Positioning the display layer in the aperture of the chassis may
include, at 408, inserting the display layer in a longitudinal
direction through a cavity of the chassis. In such an example, the
chassis may be formed in separate stages, where the chassis may be
initially formed with a cavity through which the display layer, and
potentially other components, may be inserted. With the desired
components inserted through the cavity, the cavity may be sealed,
for example. Positioning the display layer in the aperture of the
chassis may include, at 410, bending the chassis to increase a size
of the aperture and inserting the display layer through the
aperture.
[0025] Method 400 may include, at 412, positioning the non-active
display area of the display layer under the ledge of the chassis.
In this way, the non-active display area and the components therein
may be concealed from visual perception.
[0026] Method 400 may include, at 414, positioning a cover layer
within the aperture of the chassis. Positioning the cover layer
within the aperture of the chassis may include, at 416, heating the
chassis to a first temperature and cooling the cover layer to a
second (e.g., lower) temperature, and, with the chassis at the
first temperature and the cover layer at the second temperature,
positioning the cover layer in the aperture. In such an approach,
the material expansion and contraction of the chassis and cover
layer may be leveraged to install the cover layer in the display
device.
[0027] Method 400 may include, at 418, optionally coupling the
ledge to the chassis, for example in implementations in which the
ledge is formed separately from the chassis. In alternative
implementations, the ledge may be formed integrally with the
chassis.
[0028] Method 400 may include, at 420, aligning the cover layer
with an active display area of the display layer. The cover layer
may be aligned with the active display area so that the active
display area is fully utilized--e.g., no display elements therein
are occluded or otherwise obscured.
[0029] Method 400 may include, at 422, optionally sealing a gap
between the cover layer and the ledge. A suitable sealant may be
used in lieu of an adhesive, for example, if support otherwise
afforded to the TDM by the adhesive is unnecessary.
[0030] Method 400 may include, at 424, optionally depositing an
adhesive in the gap and on at least a portion of the non-active
display area of the display layer through the gap to bond the
portion of the non-active display area to the underside of the
ledge.

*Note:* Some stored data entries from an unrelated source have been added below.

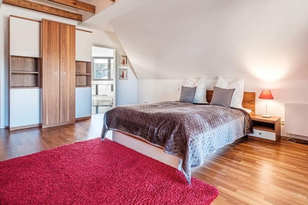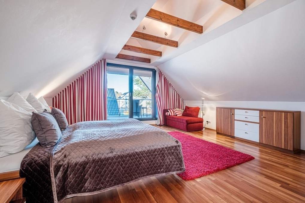 In der 2. Etage bieten wir Ihnen ein modernes 2-Zimmer-Appartement für 3 Personen plus Kind an. Diese Timmendorfer Strand Ferienwohnung ist mit einem separatem Schlafzimmer auf der 2. Ebene (über eine Treppe erreichbar) mit Doppelbett (180x200cm), sowie einem Schlafsofa für 1 Kind ausgestattet.
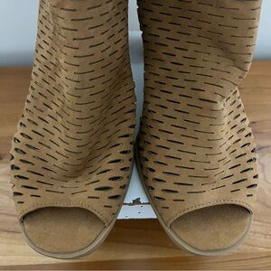 CL by Laundry Women Honey Brown Ankle Boots Sz 9.5M Chunky Heels Peep Toe Detail
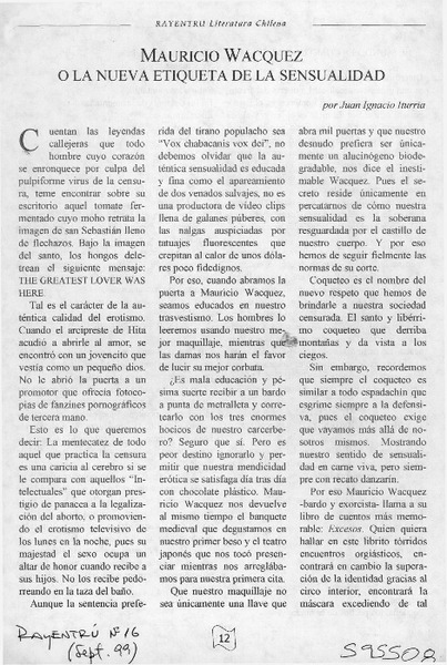 Mauricio Wacquez o la nueva etiqueta de la sensualidad [artículo] Juan Ignacio Iturria
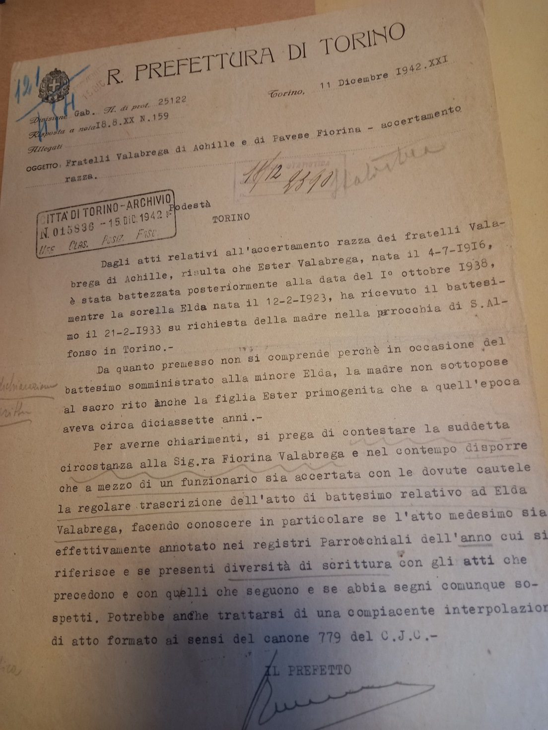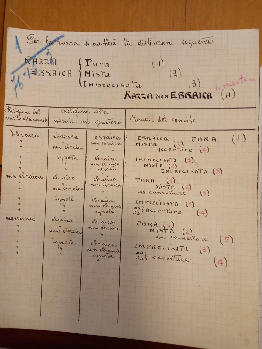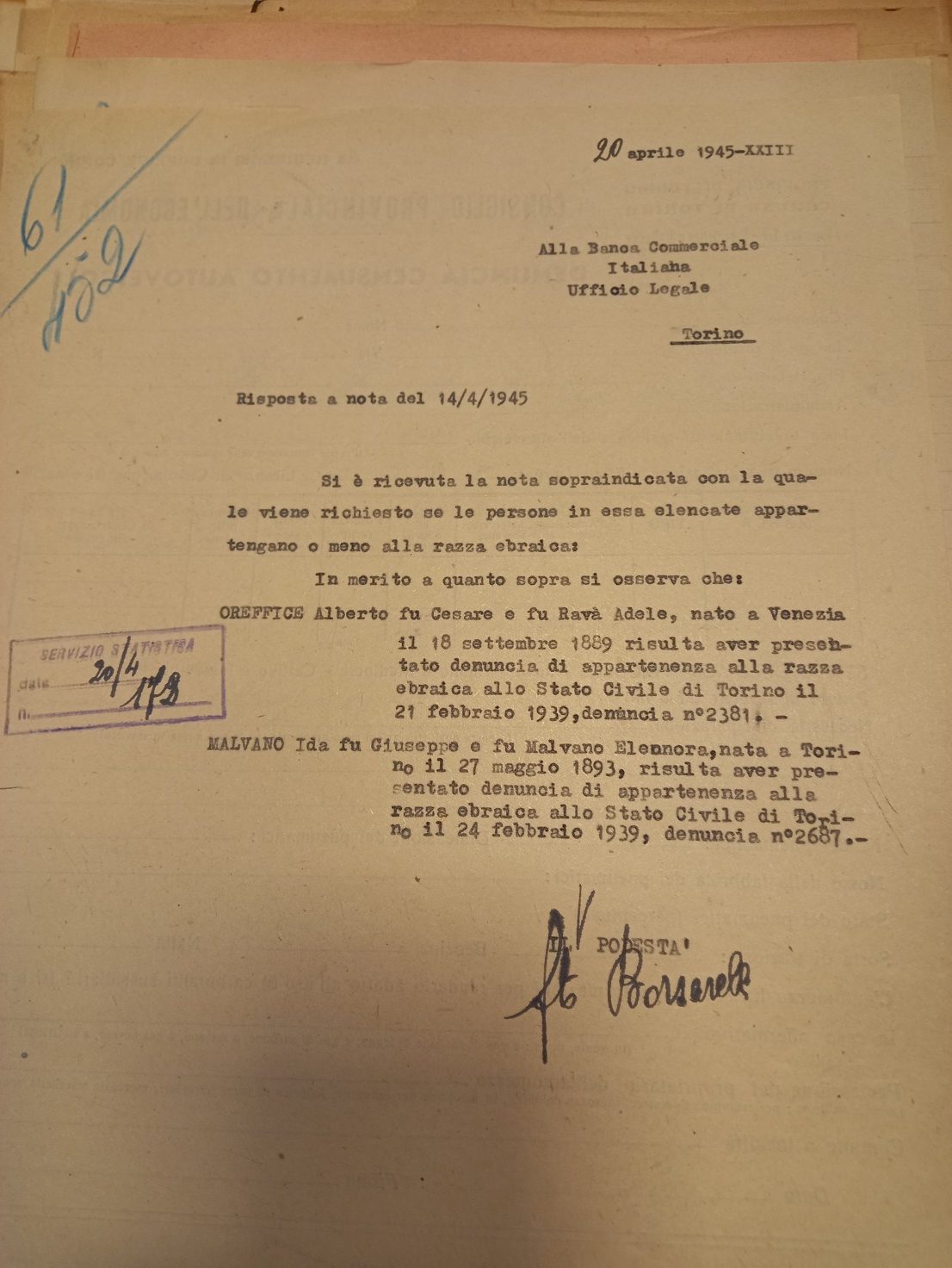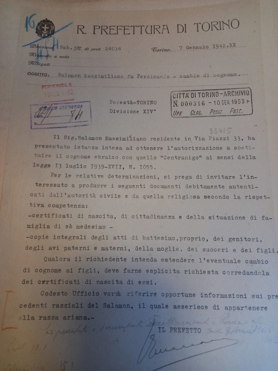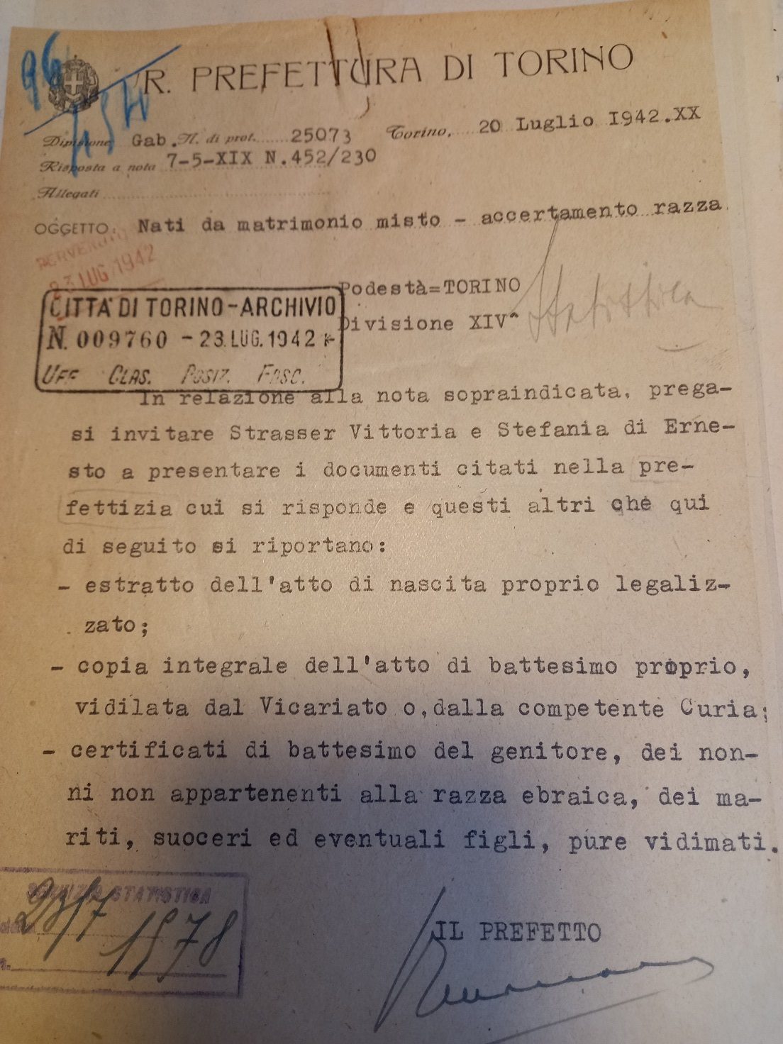 L’Archivio storico della Città di Torino ha 14 faldoni di lettere relative al censimento ebraico (Affari Divisione XIV, Urbanistica e statistica, classe 76, posizione 13): corrispondenza tra Prefettura e Podestà, richieste di accertamento razza da parte del Pnf, ospedali, Croce rossa italiana, Esercito, vari Comuni, aziende, banche, Ufficio lavori pubblici per qualsiasi lavoro edilizio, ecc. Poi nel corso degli anni occorre aggiornare sempre gli elenchi per cui il Podestà deve trasmettere al Prefetto le variazioni nella popolazione ebraica (nascite, morti, matrimoni, trasferimenti).

In this approach, the adhesive may be deposited following
insertion of the TDM into the display device, for example as an
alternative to earlier deposition of the adhesive at 402 prior to
TDM insertion.
[0031] Another example provides a display device comprising a
chassis including a ledge surrounding an aperture, a cover layer
positioned in the aperture, and a display layer attached to the
cover layer, the display layer having a perimeter portion extending
beyond an outer edge of the cover layer and positioned below an
underside of the ledge. In such an example, the perimeter portion
may alternatively or additionally be a non-active display area of
the display layer. In such an example, the display layer may
alternatively or additionally be attached to the cover layer via an
optically clear adhesive. In such an example, the display device
may alternatively or additionally comprise at least one compliant
support positioned between the display layer and a bottom inner
surface of the chassis. In such an example, the ledge may
alternatively or additionally be an upper ledge, and the display
device may alternatively or additionally comprise a lower ledge. In
such an example, the display layer may alternatively or
additionally be positioned between the underside of the upper ledge
and the lower ledge. In such an example, the display device may
alternatively or additionally comprise a gap interposed between the
cover layer and the ledge. In such an example, the gap may
alternatively or additionally have an adhesive deposited therein.

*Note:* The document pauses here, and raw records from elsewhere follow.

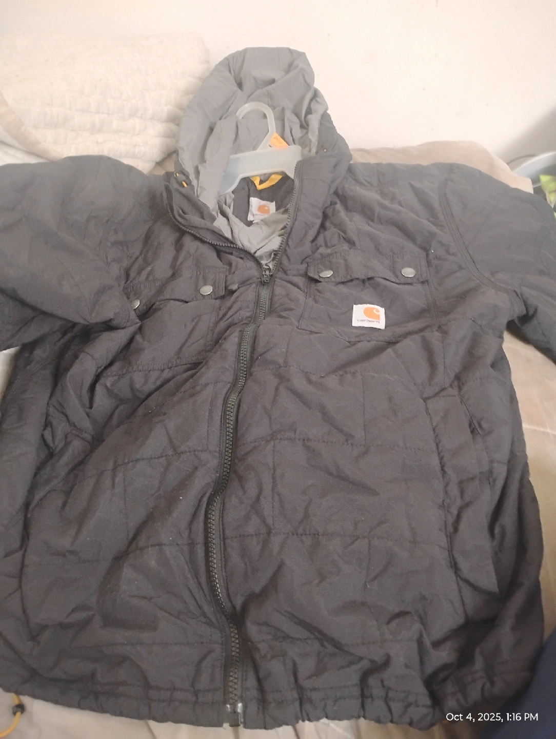 Selling a black Carhartt jacket. It's in great condition and ready for a new owner! It's a stylish and durable jacket perfect for everyday wear
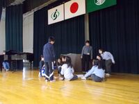 校舎内の様子を見てみると、あちらこちらで一列に並んでいる子たちがいます。先生に怒られているのかなと心配しましたが、そうではありません。
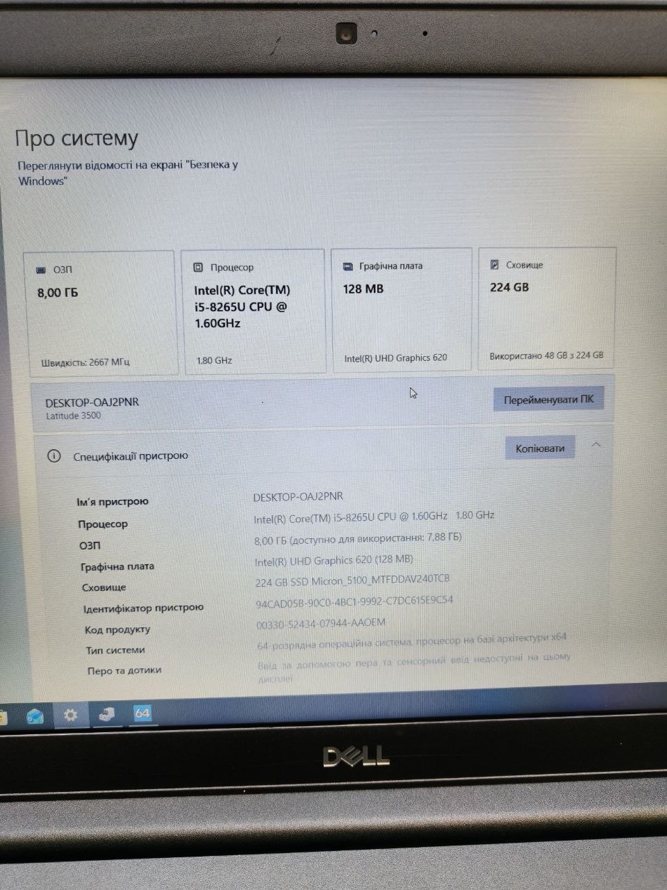 Офісний ноутбук Dell latitude 3500+SSD 240Gb+RAM 8Gb
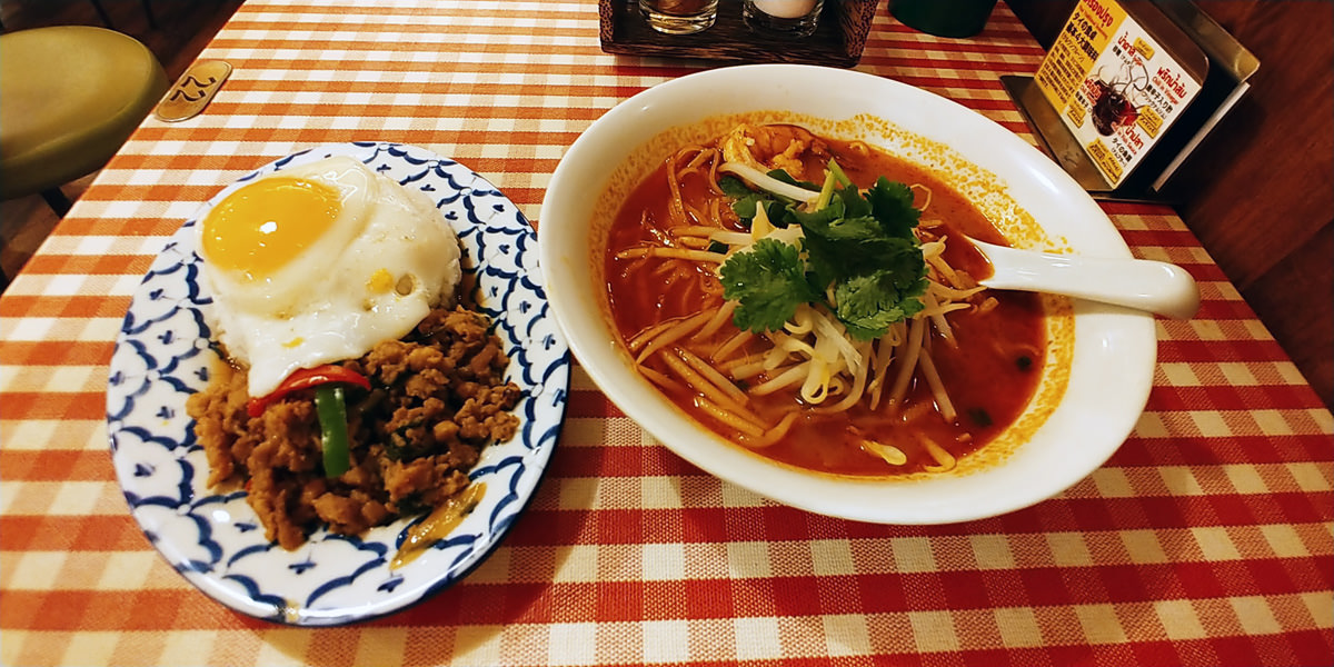 いただいたのは「トムヤムクンラーメンとガパオライスのセット」。
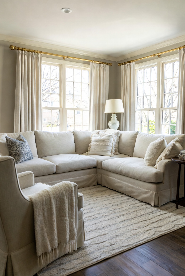- Incorporate warm accent colors through throw pillows and curtains.
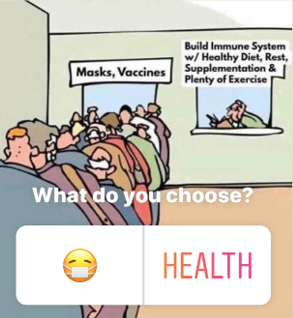 "It’s about actually taking care of yourself — building a healthy immune system through diet, lifestyle, exercise [...]; true health versus a vaccine or injection that typically contains agents of disease-causing microorganisms that medical communities believe will help people," she said.

In such an example, the perimeter portion of the display layer may
alternatively or additionally be bonded to the underside of the
ledge via the adhesive. In such an example, the display device may
alternatively or additionally comprise a gap interposed between the
cover layer and the ledge. In such an example, the gap may
alternatively or additionally be sealed via a sealant deposited in
the gap. Any or all of the above-described examples may be combined
in any suitable manner in various implementations.

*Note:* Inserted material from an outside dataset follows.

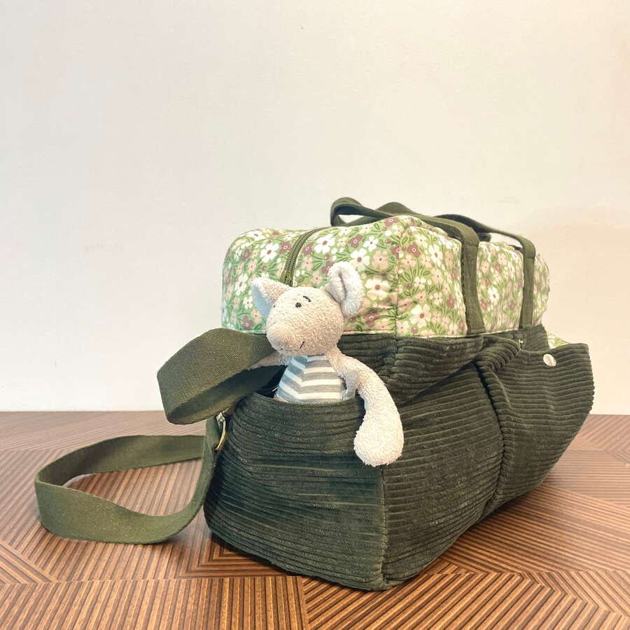 Le sac à langer Bohème est conçu pour les parents en quête de douceur et de fonctionnalité. Fabriqué avec des matériaux de haute qualité, il allie douceur, robustesse et durabilité. Ce sac est confectionné en velours vert kaki, en popeline 100% coton à motifs floraux , et en ouate de rembourrage naturelle de laine de brebis. Le fond amovible, en laine recouvert de popeline, offre une protection supplémentaire et un entretien facile.
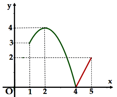 Cho hàm số \(y = f(x)\) liên tục trên đoạn [1;5] và có đồ thị như hình vẽ.

[0032] Another example provides a method comprising positioning a
display layer in an aperture of a chassis, positioning a non-active
display area of the display layer under a ledge of the chassis, the
ledge defining the aperture, positioning a cover layer within the
aperture, and aligning the cover layer with the active display area
of the display layer. In such an example, the ledge may
alternatively or additionally be formed separately from the chassis
and may alternatively or additionally be coupled to the chassis
after positioning the display layer in the chassis and the cover
layer in the aperture. In such an example, the ledge may
alternatively or additionally be formed integrally with the
chassis. In such an example, a gap may alternatively or
additionally be interposed between the cover layer and the ledge,
and the method may alternatively or additionally comprise sealing
the gap with a sealant. In such an example, a gap may alternatively
or additionally be interposed between the cover layer and the
ledge, and the method may alternatively or additionally comprise
depositing an adhesive in the gap and on at least a portion of the
non-active display area of the display layer through the gap to
bond the portion of the non-active display area to an underside of
the ledge. In such an example, an adhesive may alternatively or
additionally be disposed on one of an underside of the ledge and at
least a portion of the non-active display area of the display layer
prior to positioning of the display layer in the chassis. In such
an example, positioning the display layer in the aperture of the
chassis may alternatively or additionally include inserting the
display layer through the aperture at an oblique angle relative to
a horizontal axis and a vertical axis of the chassis and then
leveling the display layer. In such an example, positioning the
display layer in the aperture of the chassis may alternatively or
additionally include inserting the display layer in a longitudinal
direction through a cavity of the chassis, the cavity defined by
side walls and a bottom of the chassis. In such an example,
positioning the display layer in the aperture of the chassis may
alternatively or additionally include bending the chassis to
increase a size of the aperture and inserting the display layer
through the aperture. In such an example, positioning the cover
layer in the aperture may alternatively or additionally include
heating the chassis to a first temperature and cooling the cover
layer to a second temperature, and, with the chassis at the first
temperature and the cover layer at the second temperature,
positioning the cover layer in the aperture. Any or all of the
above-described examples may be combined in any suitable manner in
various implementations.
[0033] Another example provides a display device comprising a
chassis including a ledge surrounding an aperture, a cover layer
positioned in the aperture, an optically clear layer positioned
below the cover layer, and a display layer positioned below the
optically clear layer, the display layer having a non-active
display area extending beyond an outer edge of the cover layer and
positioned below an underside of the ledge. In such an example, the
display device may alternatively or additionally comprise one or
more compliant supports positioned between the display layer and a
bottom inner surface of the chassis. In such an example, the ledge
may alternatively or additionally be an upper ledge, the chassis
may alternatively or additionally include a lower ledge, and the
display layer may alternatively or additionally be positioned
between the underside of the upper ledge and the lower ledge. Any
or all of the above-described examples may be combined in any
suitable manner in various implementations.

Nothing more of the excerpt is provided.